De Sondy, Kuran’ın eşcinselliği kınadığını iddia edenlere karşı çıkıyor. Günümüzde eşcinsellerin İran ve Suudi Arabistan gibi ülkelerde öldürüldüklerine sıklıkla şahit oluyoruz.
“Kişisel olarak kendilerine sorduğunuzda, benim kuşağımdaki Müslümanların büyük çoğunluğu koyu birer homofobiktir. Bana göre bu bilhassa iyice yerleşmiştir çünkü Müslüman toplumların çoğu geleneksel aile ve ataerkil toplum düzeni görüşleri içerisinde kök salmışlardır.
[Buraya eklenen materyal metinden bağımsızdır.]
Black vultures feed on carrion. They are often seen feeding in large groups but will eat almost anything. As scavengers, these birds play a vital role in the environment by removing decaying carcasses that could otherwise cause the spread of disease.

Bütün bunlara meydan okumanın tam zamanıdır.”
De Sondy, hoşgörüsüzlüğün sadece Müslüman geleneğinin bir parçası olmadığına dikkat çekiyor. “İslami toplumlar çeşitlilik gösterir ve hemcinsleri ile olan ilişkilerini gözler önünde yaşayan insanların örnekleriyle doludur”. De Sondy, cinsel özgürlüğü kısıtlayan ve kadınların itaatini talep eden bir putperestliğin yaratılmasında, Mısır'daki Müslüman Kardeşler ve Suudi Vahabi mezhebi aracılığıyla yayılan muhafazakâr siyasi İslam’ı suçluyor.
Hem Kuran’da, hem de İncil’de yer alan Sodom’un yıkımı hikâyesi ile ilgili ise De Sondy şunları ifade ediyor: “Genellikle bu hikâyede Tanrının eşcinselliği reddedişinin anlatıldığı kabul edilir. Fakat dikkatle incelendiğinde, hikâye erkek çocuklarına tecavüz edilmesinin onaylanmayışı ile ilgilidir. Bu ikisi arasında büyük bir fark var.”
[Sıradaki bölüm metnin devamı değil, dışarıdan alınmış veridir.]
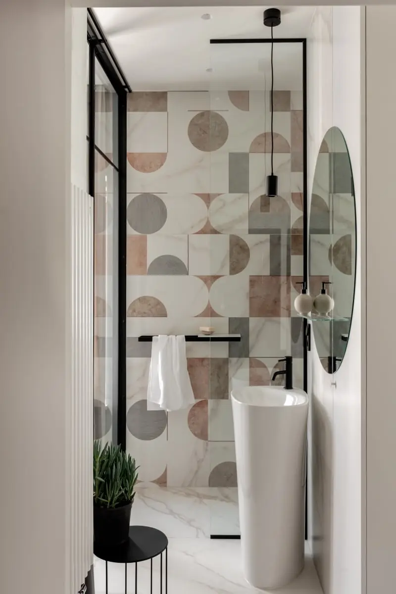 Szklana ściana z metalowymi profilami wydziela strefę łazienki. Można ją dodatkowo zasłonić dzięki szarej kotarze. Salon kąpielowy powtarza motywy kolorystyczne reszty mieszkania, natomiast w tym wypadku postawiono na ich rozbieloną wersję. Głównym elementem dekoracyjnym jest ściana pod prysznicem, pokryta płytami Ornamenta z kolekcji Metafisico. Marmurowa mozaika z figurami geometrycznymi w pastelowych odcieniach czerwieni, błękitu i szarości jest subtelnym nawiązaniem do retro lejtmotywu, przewijającym się w całej realizacji. Architekci dobrali do niej płytki podłogowe z teksturą marmuru o delikatnych żyłkach. Wysoka umywalka wolnostojąca i duże okrągłe lustro dodają salonowi kąpielowemu niezwykłej elegancji. Całość dopełnia czarna armatura oraz oświetlenie.

De Sondy, Müslüman bir azizin eşcinsel bir ilişkisi olduğunun anlatıldığına dikkat çekiyor: “16. yüzyıl Pencap'ında, Şeyh Hüseyin adında bir aziz ve şair yaşamış. Kendisi Hindu bir erkeğe âşık olmuş. Beraber yaşamış ve aynı mezara gömülmüşler. Fakat bazıları, bu erkeğin aslında bir kadın olduğunu öne sürerek bu hikâyeyi yeniden kaleme almak istemiş. Oysaki Hindistan yarı kıtasında “ahlak kurallarına karşı gelen”, kulaklarına küpe takan ve kadın kıyafeti içerisinde dans eden Sufi erkekler vardır.”
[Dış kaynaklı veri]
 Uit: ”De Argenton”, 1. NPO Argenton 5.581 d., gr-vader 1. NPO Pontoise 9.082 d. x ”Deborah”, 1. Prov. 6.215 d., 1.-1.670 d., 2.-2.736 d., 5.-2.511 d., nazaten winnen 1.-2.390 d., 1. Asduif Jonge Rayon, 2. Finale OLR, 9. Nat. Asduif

Avrupalı Müslümanlar eşcinselliğe nasıl bakıyorlar?
Mayıs ayında yapılan bir araştırma, Amerikalı Müslümanların Fransız ve Alman dindaşlarına nazaran eşcinselliğe karşı çok daha az hoşgörülü olduklarını gösterdi.
Gallup Coexist Vakfı tarafından 2009 kamuoyu yoklamasının bir parçası olan bu anket, araştırmaya katılan 1,001 İngiliz Müslüman’ın birinin bile eşcinselliğin ahlaka uygun olduğuna inanmadığını ortaya koydu.
Diğer yandan, Almanların % 68’ine kıyasla, İngiltere halk çoğunluğunun % 58’i eşcinselliğin ahlaken yanlış olmadığını düşündüklerini öne sürdü.
Ahlaken yanlış olmadığını söyleyen % 78’lik bir halk çoğunluğuyla Fransızlar ise en hoşgörülüleriydi. Araştırmaya göre, Hıristiyanların düşünceleri halkın genelinden biraz farklıydı.
İngiliz Müslümanlara nazaran Fransız Müslümanların % 35’i ve Alman Müslümanların % 19’u ise eşcinselliğe ahlaki açıdan karşı çıkmıyordu.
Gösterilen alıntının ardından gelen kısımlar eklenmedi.